Extracted data entries:
════════
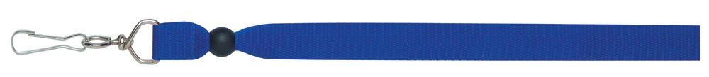 Unprinted royal blue 15mm ribbon lanyard with metal J-hook clip. |
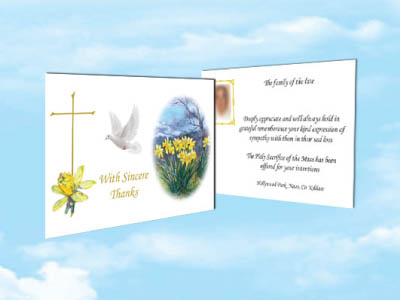Extra Cost for Lamination of Acknowledgement/Thank you Card (Folded or Flat or Letter Version) and Bookmark Holders ….. Cost is extra €8.00 per every 25 Cards.
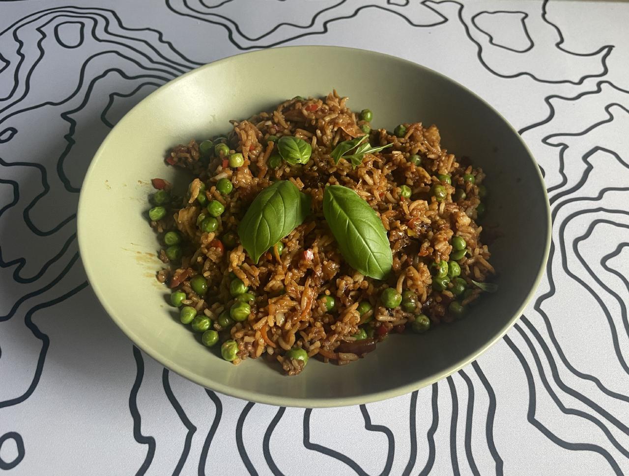 ### Steps 1. **Preheat pan:** Start heating a large pan or wok with some olive oil. 2. **Prepare Ingredients:** Finely chop the onion, bell pepper, and tomato. 3. **Cook Vegetables:** - Firstly, add the red onion and cook it for a bit until it softens. - Add the chopped bell pepper and sauté until it begins to soften. - Add the green peas and chopped tomato, and cook for another 2-3 minutes. 4. **Combine:** Add the cooked rice to the pan. Mix everything together and season with salt and pepper. 5. **Serve:** Transfer to a plate. Top with fresh basil and optionally sprinkle some hard cheese and a squeeze of lemon on top.
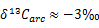 是碳同位素在碳酸岩和有机碳中的分馏差,其大致保持恒定,且值
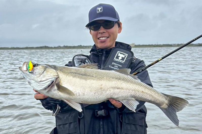 シャローフラットのギリギリまで立ちこみ、ブレイクラインでベイトを待ち構えているシーバスをバイブレーションで狙います。
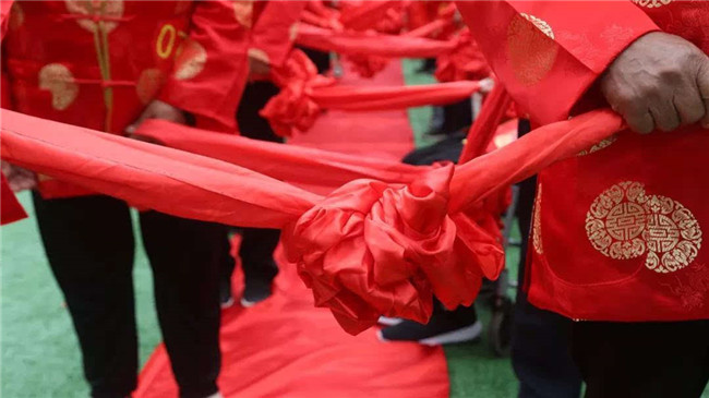 一條紅絲綢,兩人牽繡球,月老定三生!伴隨著鳴炮奏樂,老人為老伴蓋上紅紅的蓋頭,相伴入場。
════════
What you should do: Beginning at the line with "是碳同位素在碳酸岩和有机碳中的分馏差,其大致保持恒定,且值", reproduce word for word each line through the last line of the records. Include both ends but no pictures.

Answer:
 是碳同位素在碳酸岩和有机碳中的分馏差,其大致保持恒定,且值
 シャローフラットのギリギリまで立ちこみ、ブレイクラインでベイトを待ち構えているシーバスをバイブレーションで狙います。
 一條紅絲綢,兩人牽繡球,月老定三生!伴隨著鳴炮奏樂,老人為老伴蓋上紅紅的蓋頭,相伴入場。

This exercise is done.